### Task prompt
Once the images are set aside, write out the rest of the records exactly.

Items from a dataset:

╭──

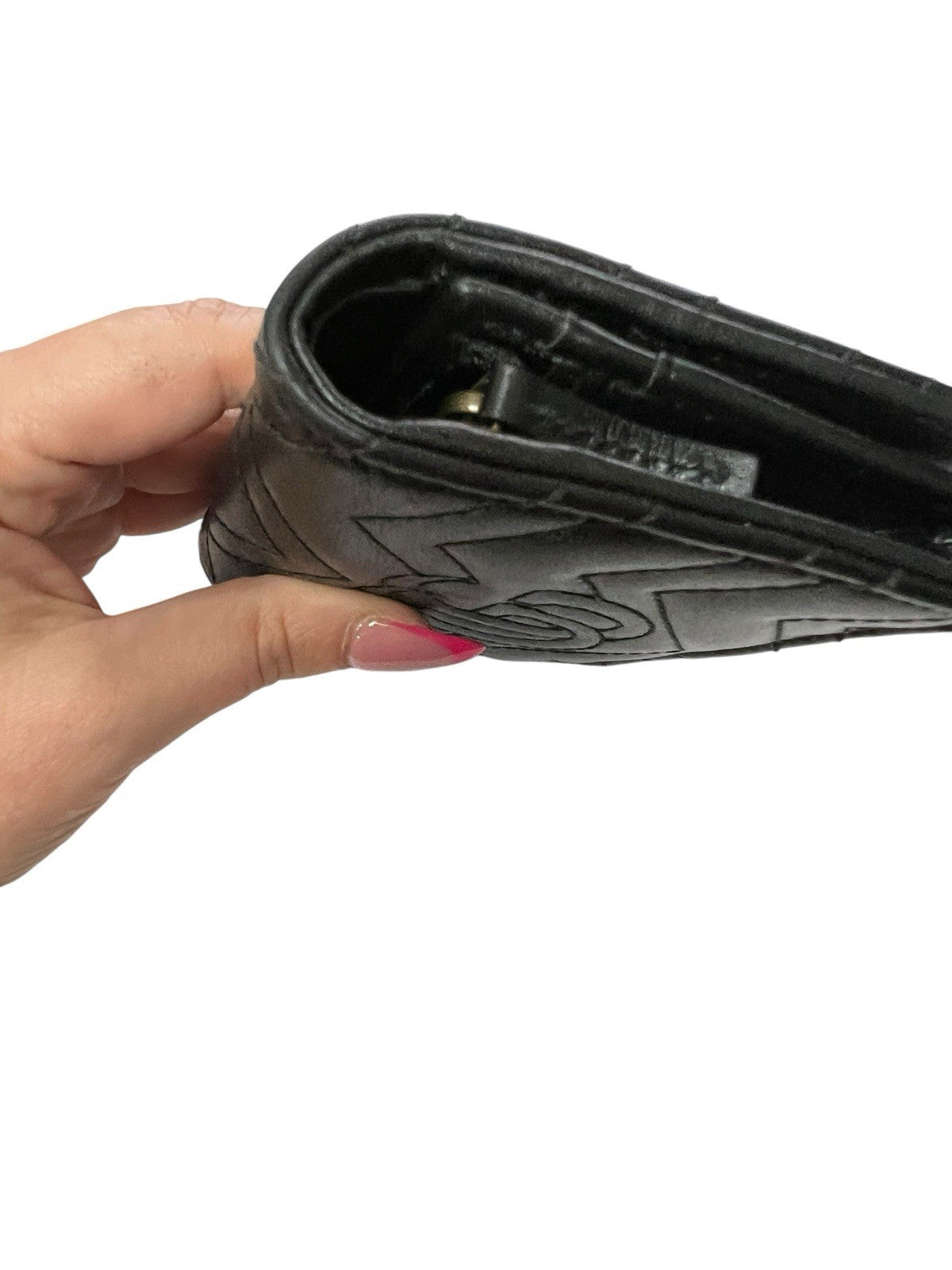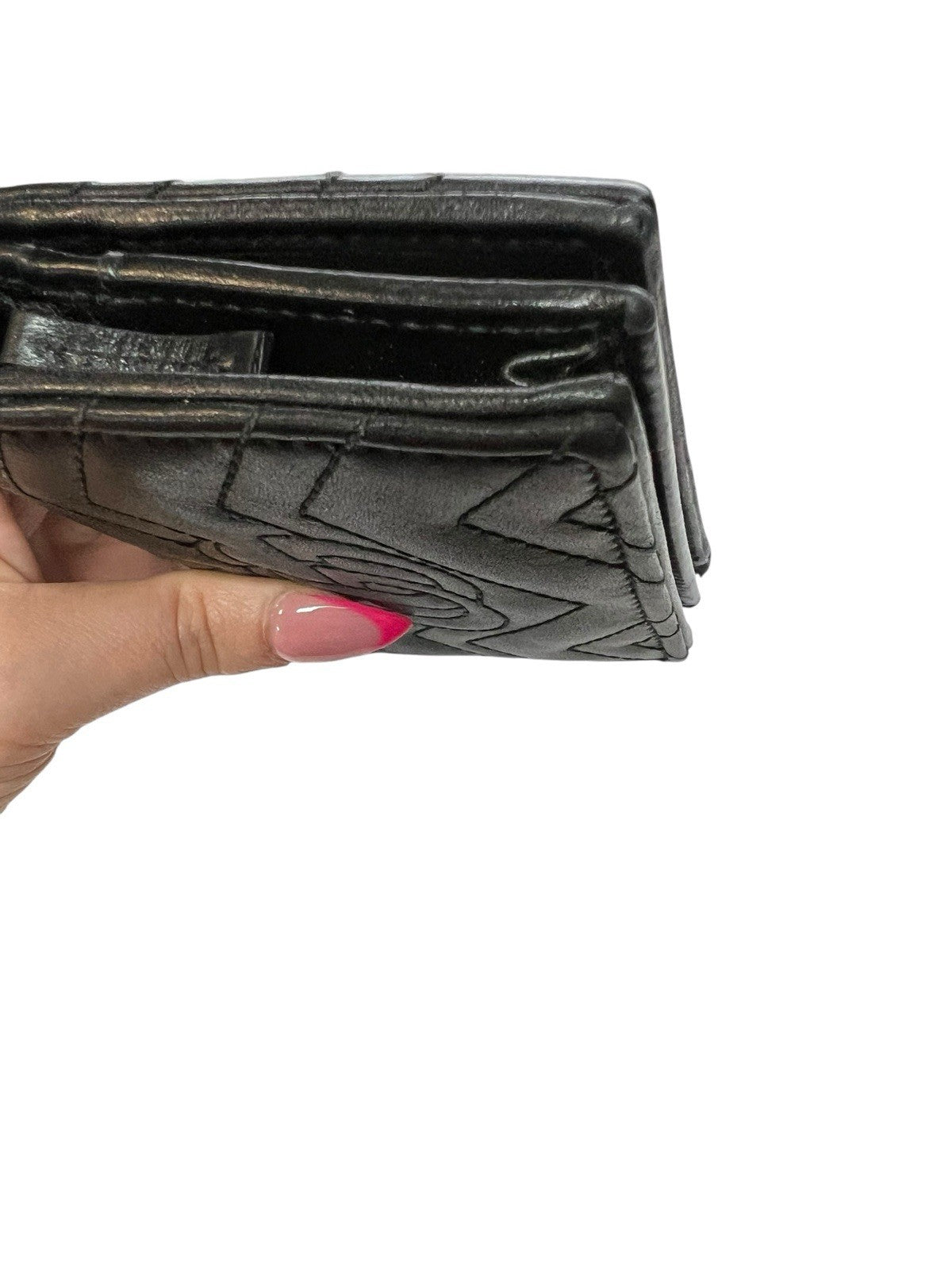 - Inside: 5 card slots, open pocket, 1 zipper pocket, 1 bill compartment
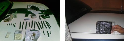 كان ذلك عندما استوقفت فرق دوريات الأمن سيارة من نوع جيب لاندكروزر موديل 93 اللون أبيض يرافقه شخصان وبتفتيش السيارة وجد تحت مرتبة الأول كيسي حبوب كبتاجون، الكيس الأول بداخله «155» والكيس الثاني بداخله «23» حبة، كما وجد مجموعة قطع حشيش مخدر تزن (122) جرام وحشيش تزن (0.5) جرام، تم حجز السيارة بحجز وادي لبن وسلم الأشخاص بالمضبوطات لمكافحة المخدرات بغرب الرياض. وأثناء قيام إحدى فرق دوريات الأمن بعملها استوقفت سيارة نوع أفيو موديل 2008 وعند تفتيش قائدها وجد بحوزته ثلاث قطع حشيش سلم مع المضبوطات لمكافحة المخدرات كما ضبطت إحدى فرق دوريات الأمن شخصاً يسير على الأقدام وبتفتيشه وجد بحوزته قطعة حشيش تزن (4.4) جرام وسلم بالمضبوطات لمكافحة المخدرات بشرق الرياض.
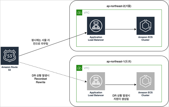 사용자가 접속시 사용하는 도메인을 DR 상황에서 도쿄 리전에서도 사용을 해야 합니다.
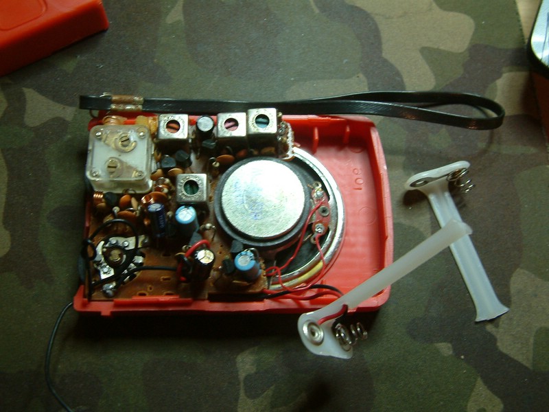 der Empfänger hat HF seitig 4 Stück 2SC1417, am letzten Filter 2 Ge Dioden, dann PC9014 (?), BC558, PC9012, PC9013 und eine weitere Diode, die zusammen mit den beiden letzten eine kleine PP Endstufe ohne Trafo bildet. Also 8 Stück, + 3 Dioden. Der Lautsprecher hat 1/2 Watt.
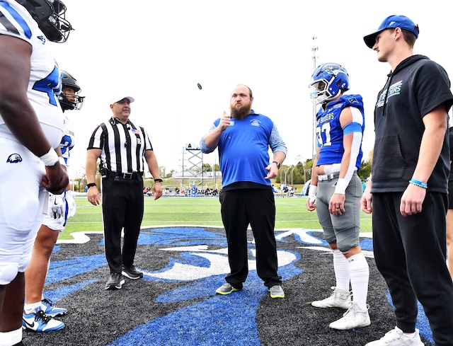 Lindsey Wilson National Alumni Association President Tanner Strein '14 flips the coin to determine which team will receive the kickoff to start the LWU-Faulkner (Alabama) University football game on Saturday, October 25, 2025, at Parnell Family Stadium. Tanner is a former Blue Raider football player. Comments | Permalink LWU Homecoming King and Queen 2025

╰──

### Answer below
 - Inside: 5 card slots, open pocket, 1 zipper pocket, 1 bill compartment
 كان ذلك عندما استوقفت فرق دوريات الأمن سيارة من نوع جيب لاندكروزر موديل 93 اللون أبيض يرافقه شخصان وبتفتيش السيارة وجد تحت مرتبة الأول كيسي حبوب كبتاجون، الكيس الأول بداخله «155» والكيس الثاني بداخله «23» حبة، كما وجد مجموعة قطع حشيش مخدر تزن (122) جرام وحشيش تزن (0.5) جرام، تم حجز السيارة بحجز وادي لبن وسلم الأشخاص بالمضبوطات لمكافحة المخدرات بغرب الرياض. وأثناء قيام إحدى فرق دوريات الأمن بعملها استوقفت سيارة نوع أفيو موديل 2008 وعند تفتيش قائدها وجد بحوزته ثلاث قطع حشيش سلم مع المضبوطات لمكافحة المخدرات كما ضبطت إحدى فرق دوريات الأمن شخصاً يسير على الأقدام وبتفتيشه وجد بحوزته قطعة حشيش تزن (4.4) جرام وسلم بالمضبوطات لمكافحة المخدرات بشرق الرياض.
 사용자가 접속시 사용하는 도메인을 DR 상황에서 도쿄 리전에서도 사용을 해야 합니다.
 der Empfänger hat HF seitig 4 Stück 2SC1417, am letzten Filter 2 Ge Dioden, dann PC9014 (?), BC558, PC9012, PC9013 und eine weitere Diode, die zusammen mit den beiden letzten eine kleine PP Endstufe ohne Trafo bildet. Also 8 Stück, + 3 Dioden. Der Lautsprecher hat 1/2 Watt.
 Lindsey Wilson National Alumni Association President Tanner Strein '14 flips the coin to determine which team will receive the kickoff to start the LWU-Faulkner (Alabama) University football game on Saturday, October 25, 2025, at Parnell Family Stadium. Tanner is a former Blue Raider football player. Comments | Permalink LWU Homecoming King and Queen 2025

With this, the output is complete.